You know, we had one case of nausea at the dose we're going to go forward with. We had no vomiting. We had no local tolerability concerns. You know, again, all the, you know, the other formulations can have some of these things. So we're really happy with that. The subjects found that it was very, you know, a meaningful experience, right? So they were able to maneuver within that space. That's something that the FDA was really important, was interested in. You know, we had actually, we had our pre-IND meeting the day after the Lykos panel, which was amusing, you know, kind of time frame, and it was all the same folks that were at the Lykos panel here. Very good meeting, very constructive meeting, and a very different vibe from the day prior.

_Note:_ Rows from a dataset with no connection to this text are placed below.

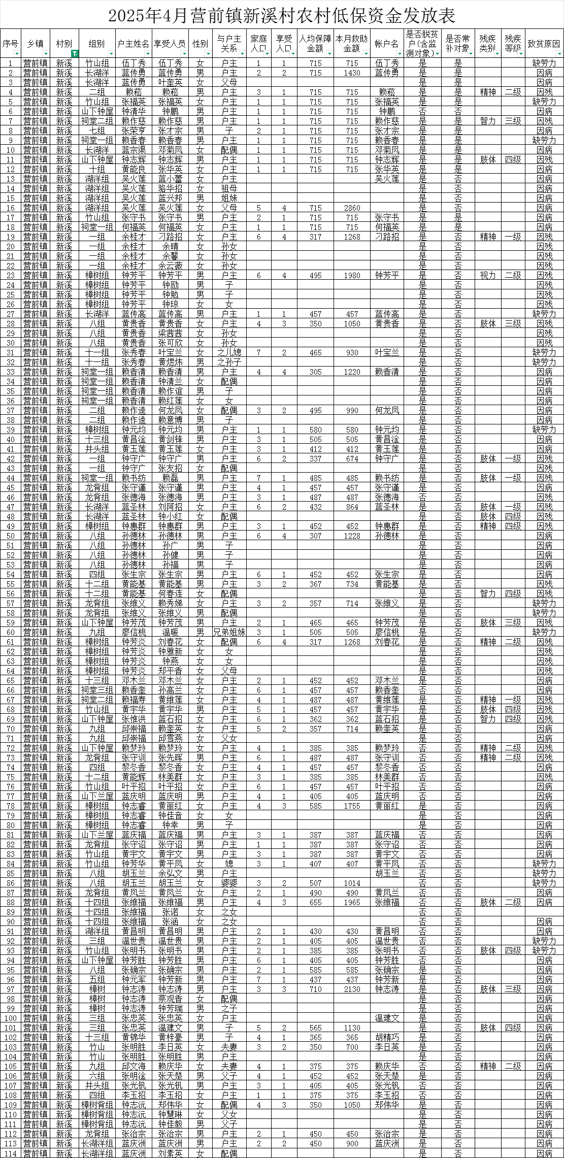 2025年4月營前鎮(zhèn)新溪村低保金發(fā)放表
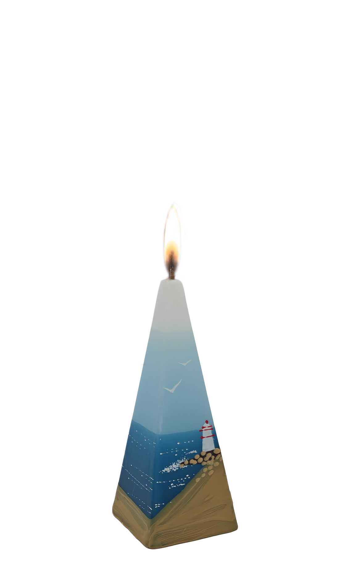 Deze unieke piramidekaars is met de hand gemaakt en prachtig gedecoreerd met een zomers tafereel van strand, zee en een vuurtoren. Een sfeervolle kaars die niet alleen warmte brengt, maar ook een decoratief accent in huis. Perfect als cadeau of voor een maritieme sfeer in je interieur.
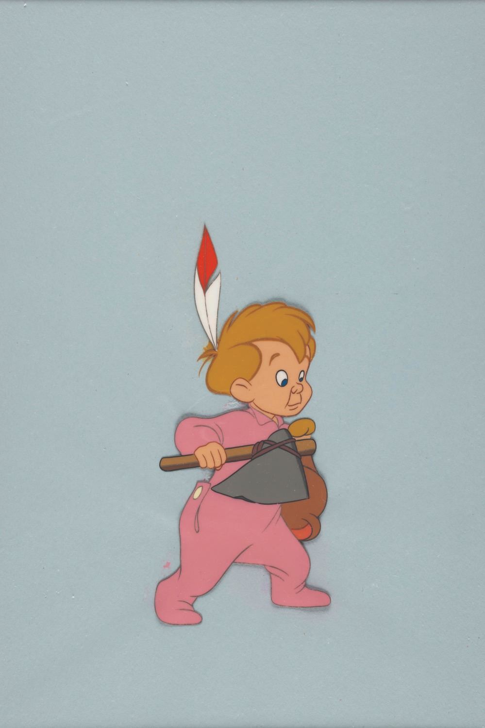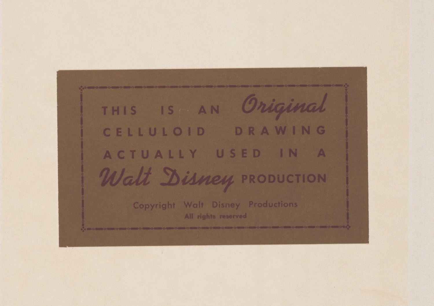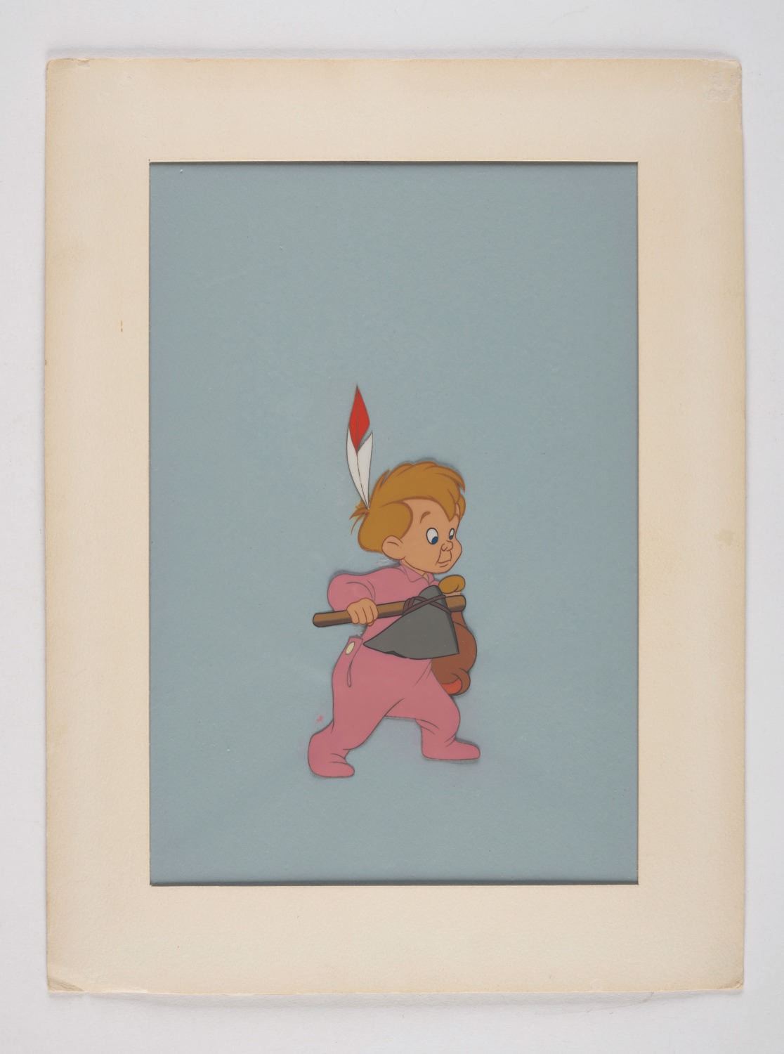 (Disney, 1953) An original production cel of Michael from Walt Disney's"Peter Pan." This cel was originally sold at The Art Corner in Disneyland and has been slightly trimmed to 7.5"x10" as prepared by the Studio for sale. The cel retains a Disneyland Gold Label on the reverse and is still sealed in its original 9"x12" mat. The character's image size is 2.25"x5". The cel is in very good condition with faint areas of wear to some ink lines, and paint stuck to the background.

One of the things that came up is you know they were concerned about it because it's DMT. Are these patients completely snowed? Are they non-arousable during this experience? We're like, "No." I mean, we could wake them up every couple of minutes to see how the depth of their psychedelic experience. We asked it to them. You know, we asked that every couple of minutes. No problem in waking them up, and they were coherent enough to answer the question, but nonetheless, they were you know on the SIRS, which is subjective intensity, they were 7 through 10, 10 being the highest, which is pretty much where psilocybin is, and that's kind of where we were targeting. So again, pretty happy with the way that turned out, kicking the phase II off at the end of the year.
A couple of key points here is we'll have twelve weeks of durability data. We have the Beckley, the BPL-003 trial ongoing, so we can ask a different question with this, which is what happens with two doses? You know, it's kind of like Compass again. So, their phase IIb and their 005 trial are single administration, and then their 006 is two administrations, so we get a chance to ask that question, which is what we're doing. Also getting some dose-ranging data. But the twelve-week durability, I think, is gonna be really important. Going back to the functional and blinding question that came up earlier, durability is important there.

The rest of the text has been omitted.